I can’t help but wonder if Howard
plotted this trip in such a way that passing through Lincoln
on their journey to Santa Fe
would be inevitable. According to Howard, the day he and Vinson left, they
drove over 500 miles and made it all the way to Roswell, NM.
About that town Howard declares, “Roswell is a neat,
spotless modern town, with the usual streams of tourists pouring through
continually.” (Howard 3: 344) The next
morning they loaded up the car and made their way into Lincoln.
The Old Courthouse (Murphy's Shop) ca 1930s
In June of 1935, Lincoln, NM was
virtually the same as it was 55 years earlier during the Lincoln County Wars.
The roads were still unpaved and none of the buildings were yet owned by the State.

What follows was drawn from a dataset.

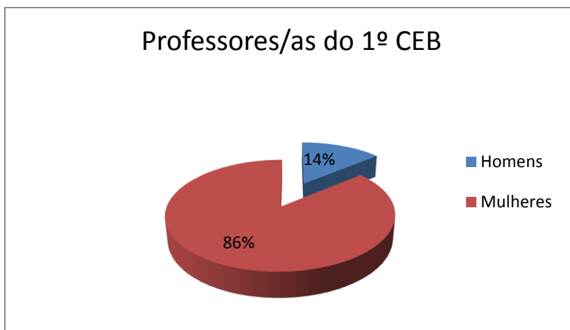
Gráfico 1 – Docentes do 1º CEB em exercício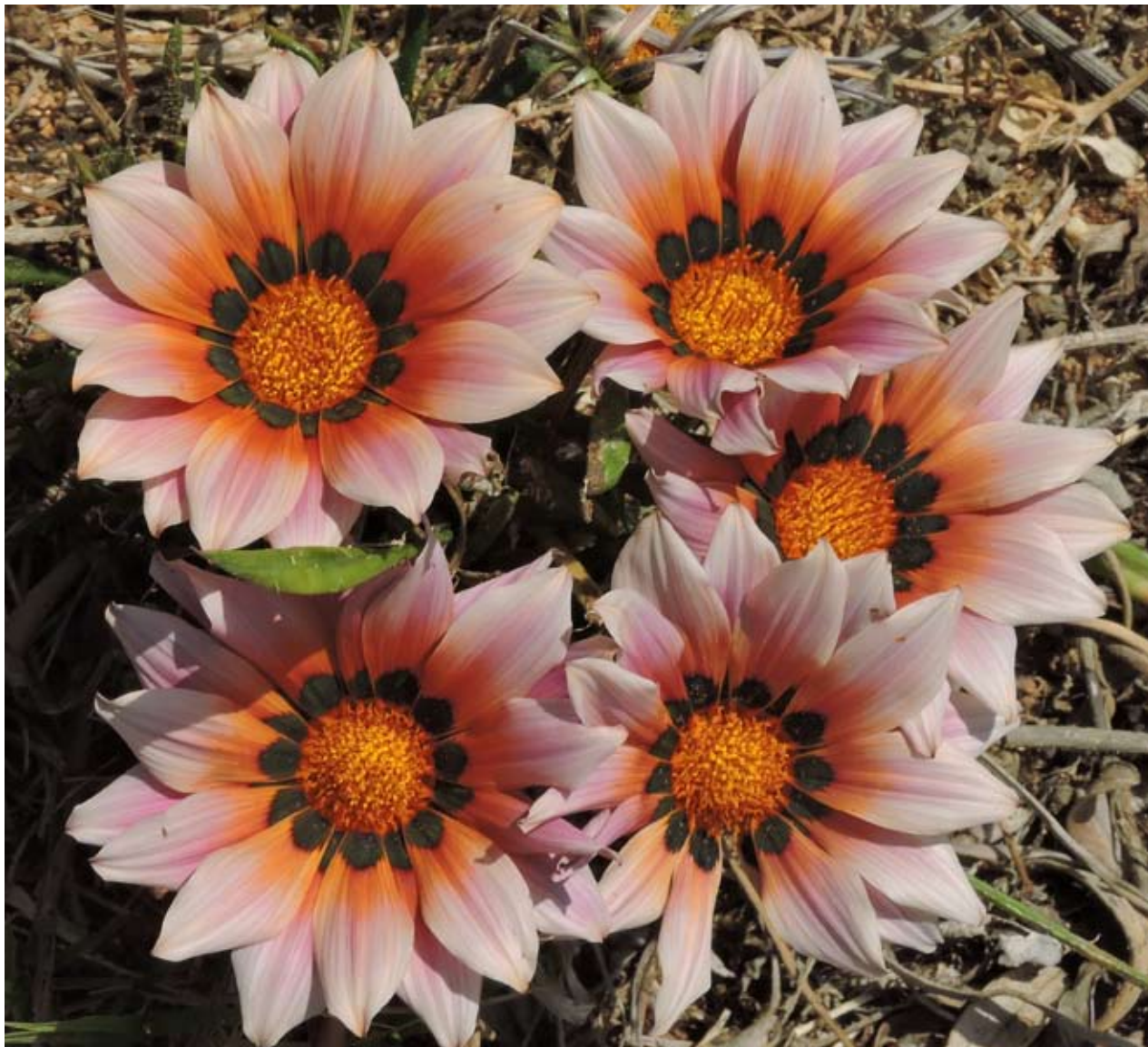
Många vackra blommor lyste mot oss utefter banan.

In fact, the County of Lincoln obtained the Murphy house (a.k.a “The
House”)—what later became the old courthouse where Billy
the Kid made his notorious escape— on December 15th, 1880 for
$15,000. It wasn’t until 1937 that the State of New Mexico bought this building, and in 1949
other buildings and sites were purchased and transferred to the Old Lincoln
County Memorial Commission. Additionally, in 1977 the town officially became an
historical site fully owned by the State of New Mexico. So when Howard and Vinson
visited Lincoln,
the Murphy House (courthouse) was empty and used as a storage building.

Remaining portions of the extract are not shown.